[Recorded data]
* * * * * * *
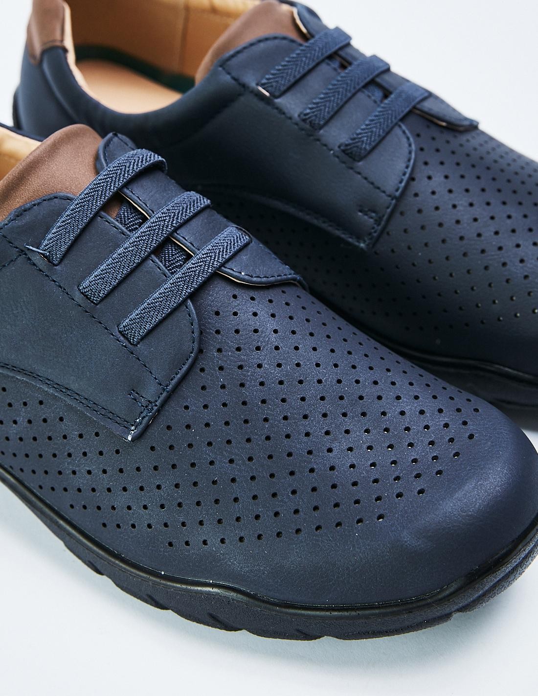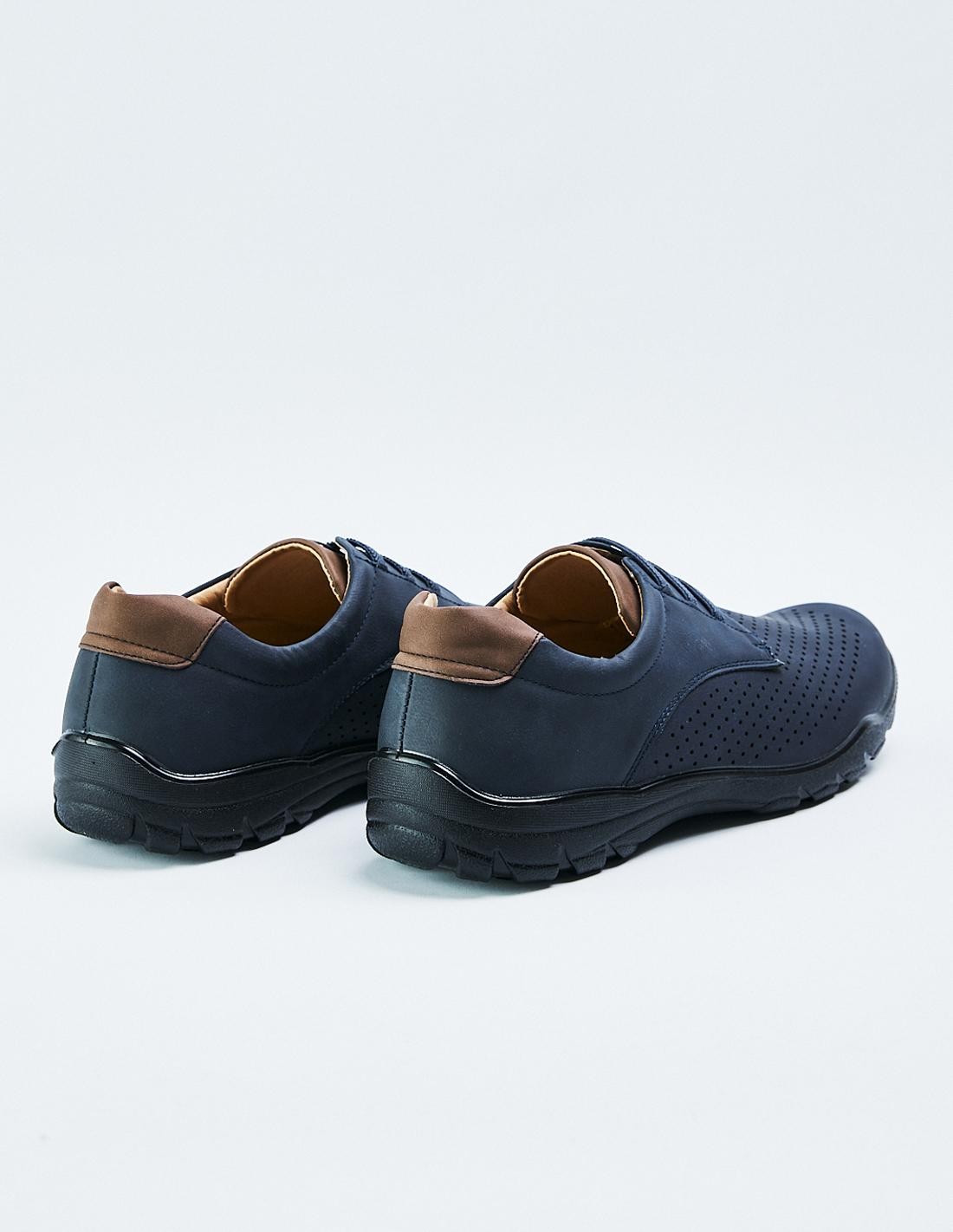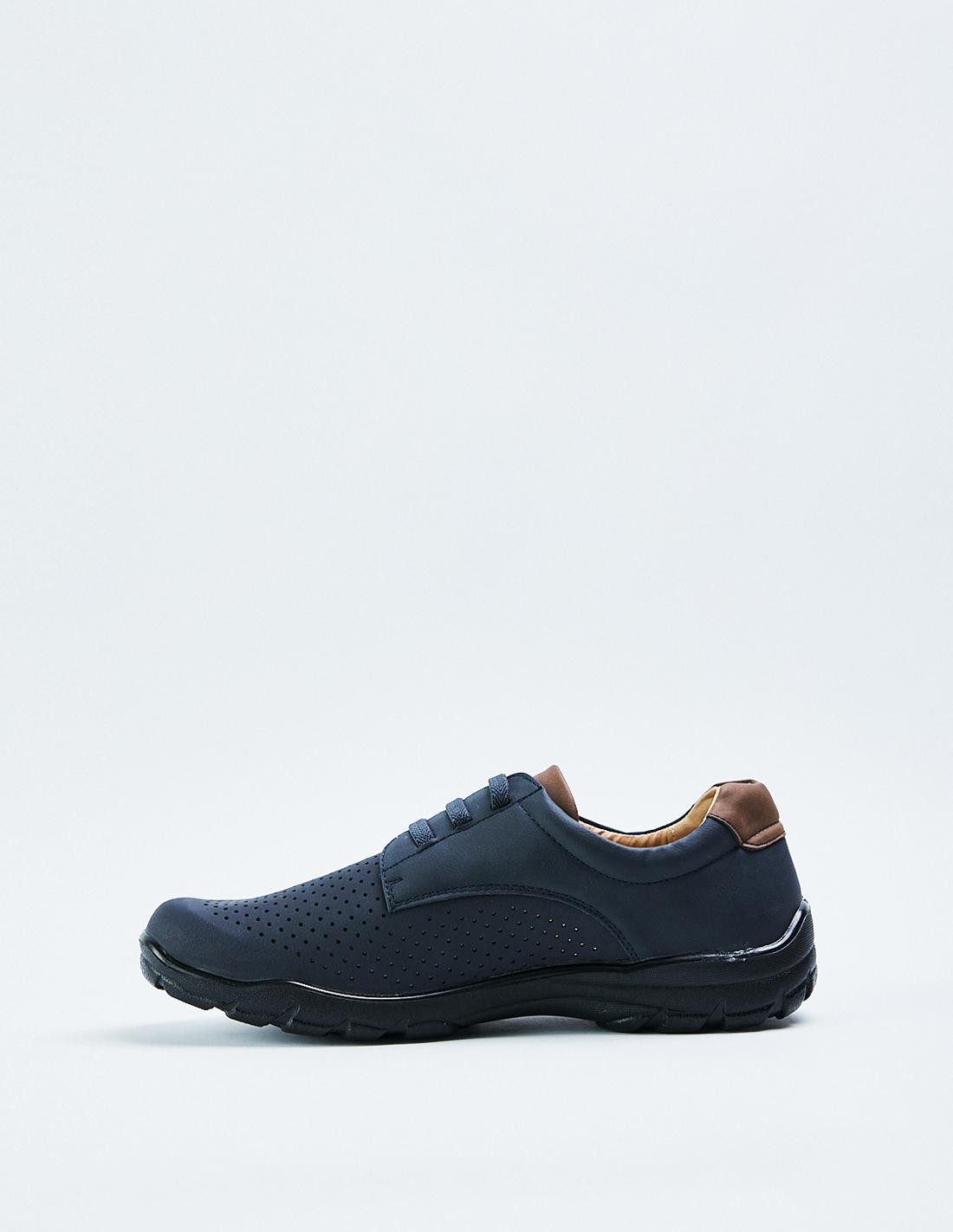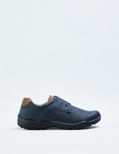Zapato fabricado en efecto piel. Cordonera con tres pasados tipo elastico .Piso con volumen y suela ligeramente dentada.
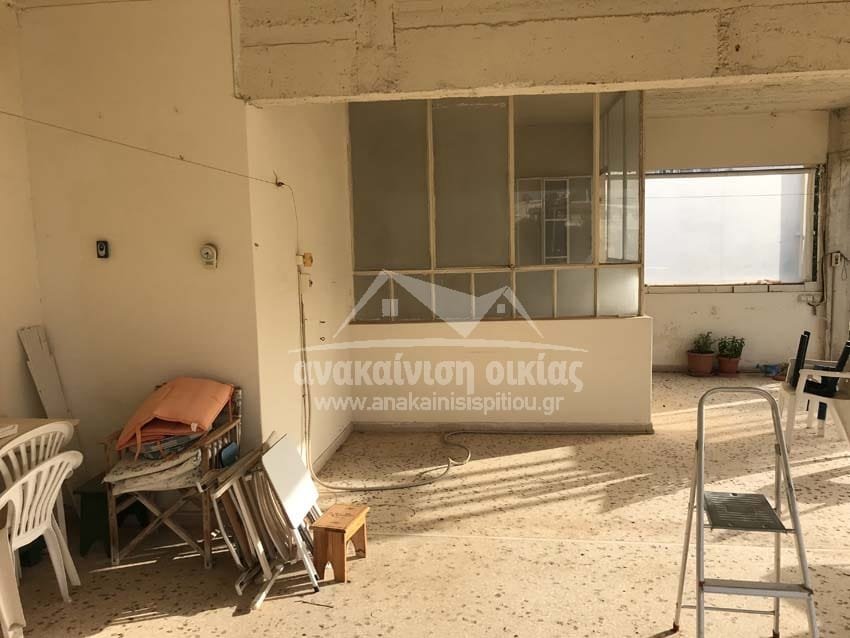 Η ανακαίνιση σπιτιού συνεχίστηκε με αλλαγή όλων των ηλεκτρολογικών και υδραυλικών εγκαταστάσεων με νέες σύμφωνα με τις σημερινές απαιτήσεις. Τα εξωτερικά κουφώματα αντικαταστάθηκαν με νέα κουφώματα αλουμινίου. Η κουζίνα στο ένα διαμέρισμα έγινε ενιαία με το σαλόνι και ξεχωρίζει πλέον από έναν χαμηλό διαχωριστικό τολιχο. Στο άλλο διαμέρισμα είναι ενιαία με ένα μακρύ πάσο. Στη συνέχεια προχωρήσαμε στην ανακαίνιση μπάνιου στο ένα διαμέρισμα και στην κατασκευή νέου μπάνιου στο άλλο.
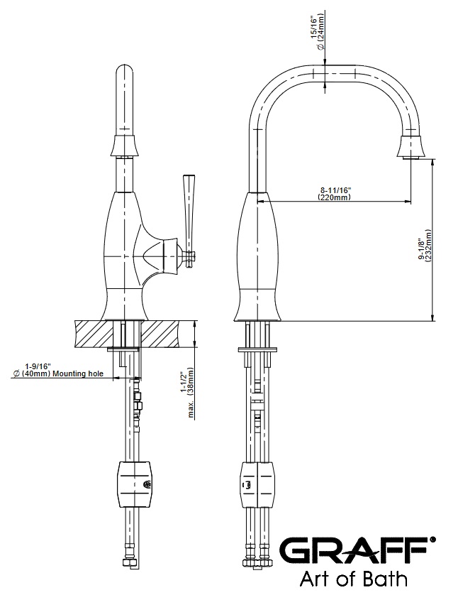 Wysokość wylewki: 232 mm
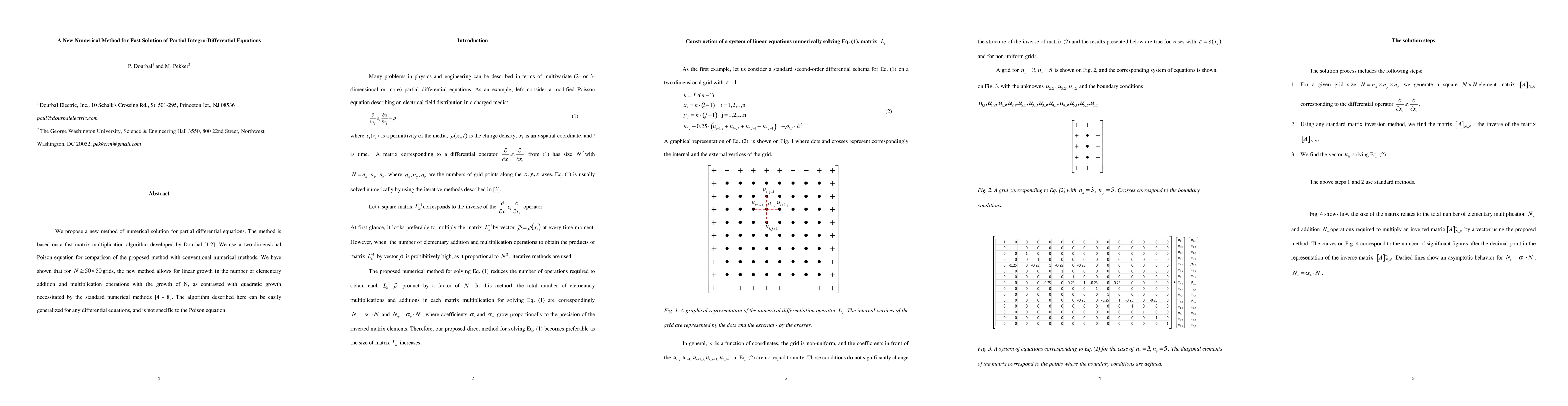 The paper proposes a new numerical method for solving partial differential equations using a fast matrix multiplication algorithm, which demonstrates linear growth in computational operations compared to the quadratic growth of conventional methods, as demonstrated through the two-dimensional Poisson equation. The method is versatile and can be generalized for various differential equations.
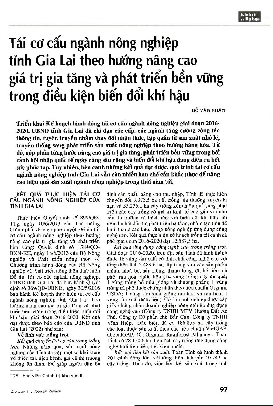Tái cơ cấu ngành nông nghiệp tỉnh Gia Lai theo hướng nâng cao giá trị gia tăng và phát triển bền vững trong điều kiện biến đổi khí hậu
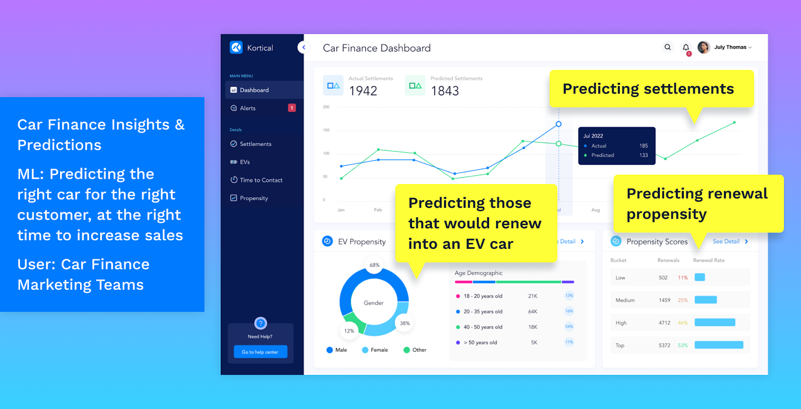 Here's an example from our work with Ford. The predictive maintenance system pulls data from multiple sources (modem data, dealer data, and historic failures), processes it through the Kortical AI Engine, and delivers predictions via API to four different business functions: Warranties, Engineering, Dealers, and Maintenance Teams. Each of those teams has different needs and different systems, and the AI has to plug into all of them.
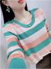Suéter holgado y elegante con rayas para mujer, primavera y otoño 2024, nuevo jersey adelgazante de manga larga.
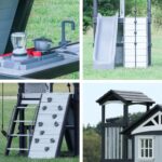 Combining charm and adventure, the Whispering Point Swing Set creates a dreamy backyard playground. This wooden swing set is crafted from durable cedar wood and offers a multi-level play experience. The spacious upper clubhouse features charming bay windows, while its crow’s nest lookout includes a toy telescope for spotting backyard adventures. Budding chefs can whip up imaginary feasts while friends eagerly await their creations in the fully equipped play kitchen below, complete with a toy stove, sink, faucet, and variety of other play accessories. An exciting rock wall and a rope climbing wall provide exciting ascents, while a step ladder ensures safe and easy accessibility for all skill levels. Kids can enjoy the two belt swings or zip down the 8-foot speedy wave slide for active outdoor fun. Thrill-seekers will love sky-high adventures on the web swing, offering a fun way to swing and soar. The BILT® app provides guided instructions while the ready-to-assemble design makes setting up your kids’ swing set a breeze. Plus, our 5-year warranty offers peace of mind for years of outdoor enjoyment. With Backyard Discovery’s Whispering Point, watch as your children’s creativity and confidence reach new heights in this stylish and feature-packed playhouse swing set.
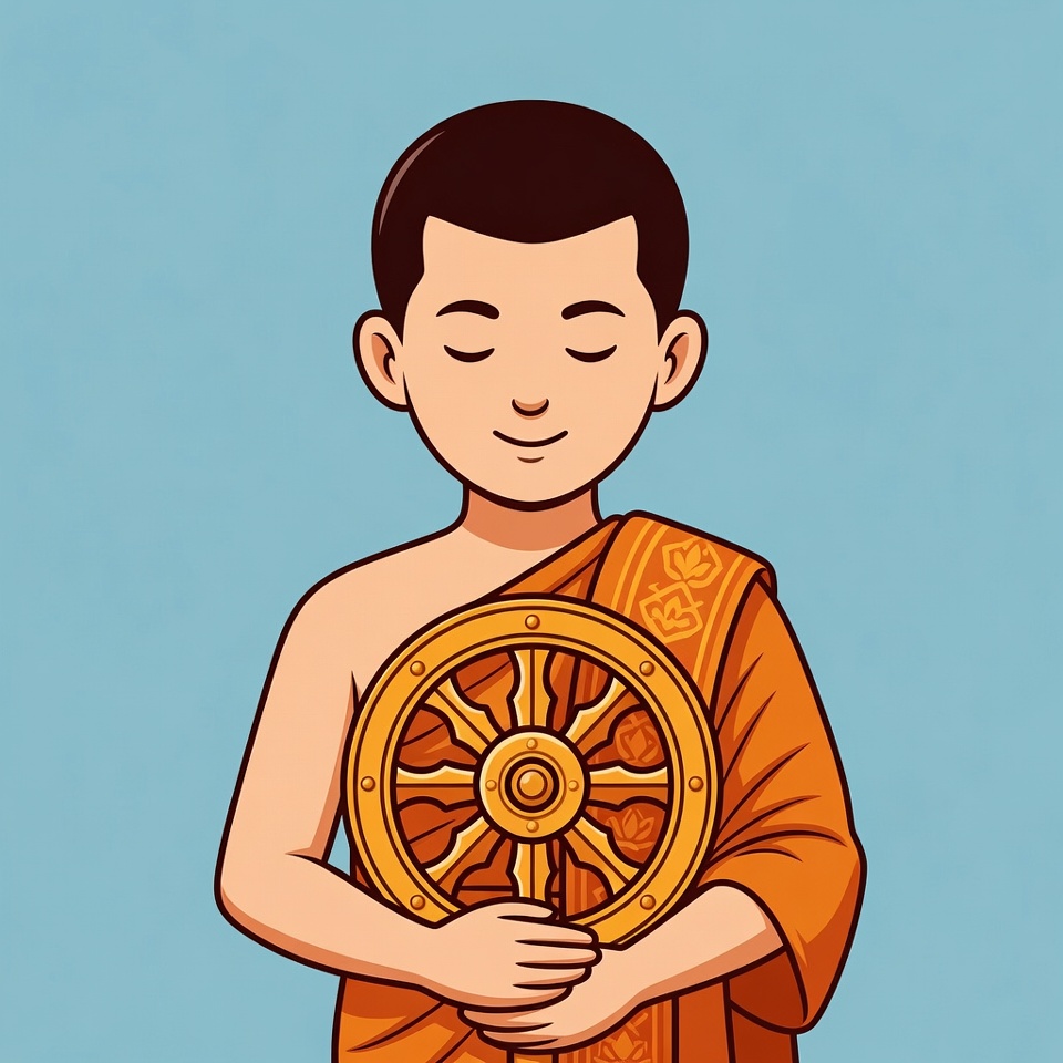 Asian, Buddhist, Dharma wheel, Dharmachakra, blue background, boy, cartoon, clipart, closed eyes, gold wheel, illustration, isolated background, meditation, novice monk, orange robe, serene, smiling, young monk, monk
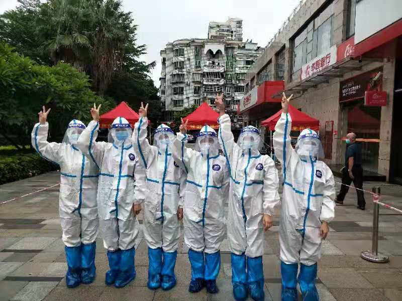 多名醫(yī)護(hù)人員緊急趕赴一線,參與核酸檢測工作
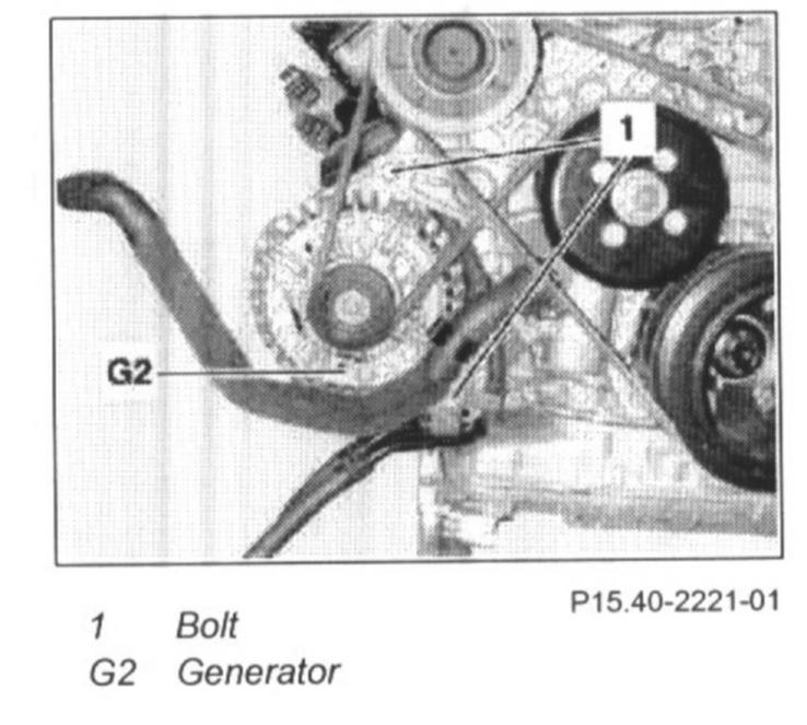 9 Unscrew bolts (1) and place generator (G2) to the side
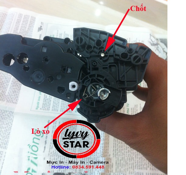 Sau khi đổ mực xong chúng ta đưa hộp mực vào máy đúng vị trí ban đầu, bật máy lên nếu máy kêu cạch cạch thì có nghĩa là bạn đã lắp sai vị trí của lò so tiếp xúc với drum, hoặc mất. Nên kiểm tra lại !
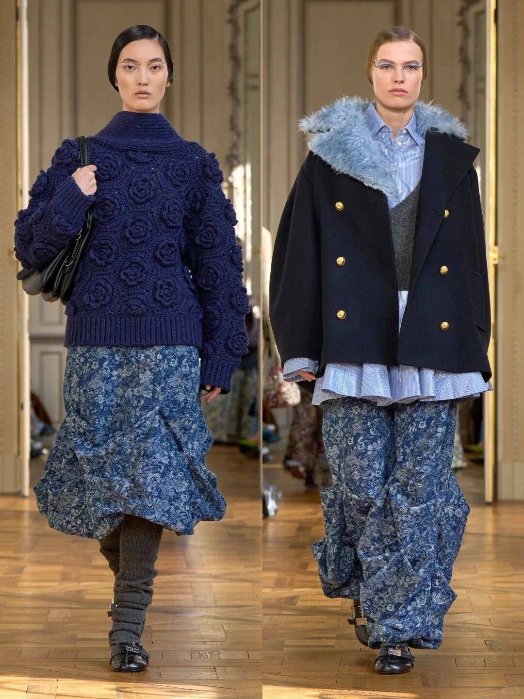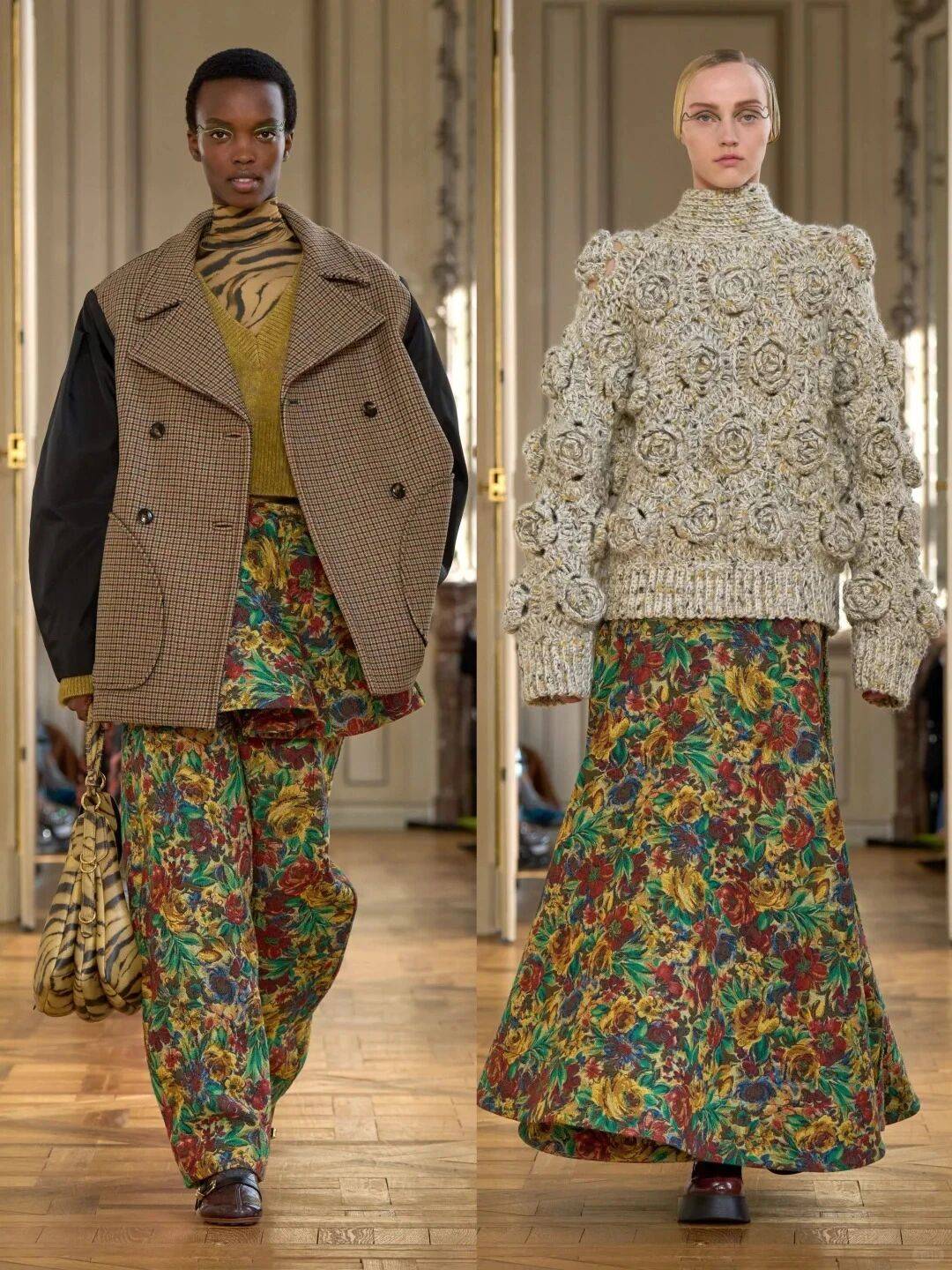 冬季不是不能穿碎花,當小量感碎花搭配褶皺重工蛋糕裙的立體廓形,就能撐得起秋冬外套的厚重 ,打造秋冬浪漫鬆弛感。外套和內搭的顏色與碎花的某一色調呼應,提升了整體造型的和諧度。
* * * * * * *
▸ **Activity**
Copy only this, please: the line with "多名醫(yī)護(hù)人員緊急趕赴一線,參與核酸檢測工作" and every line after it through the end of the data, with no pictures.

▸ **Response to this exercise**
 多名醫(yī)護(hù)人員緊急趕赴一線,參與核酸檢測工作
 9 Unscrew bolts (1) and place generator (G2) to the side
 Sau khi đổ mực xong chúng ta đưa hộp mực vào máy đúng vị trí ban đầu, bật máy lên nếu máy kêu cạch cạch thì có nghĩa là bạn đã lắp sai vị trí của lò so tiếp xúc với drum, hoặc mất. Nên kiểm tra lại !
 冬季不是不能穿碎花,當小量感碎花搭配褶皺重工蛋糕裙的立體廓形,就能撐得起秋冬外套的厚重 ,打造秋冬浪漫鬆弛感。外套和內搭的顏色與碎花的某一色調呼應,提升了整體造型的和諧度。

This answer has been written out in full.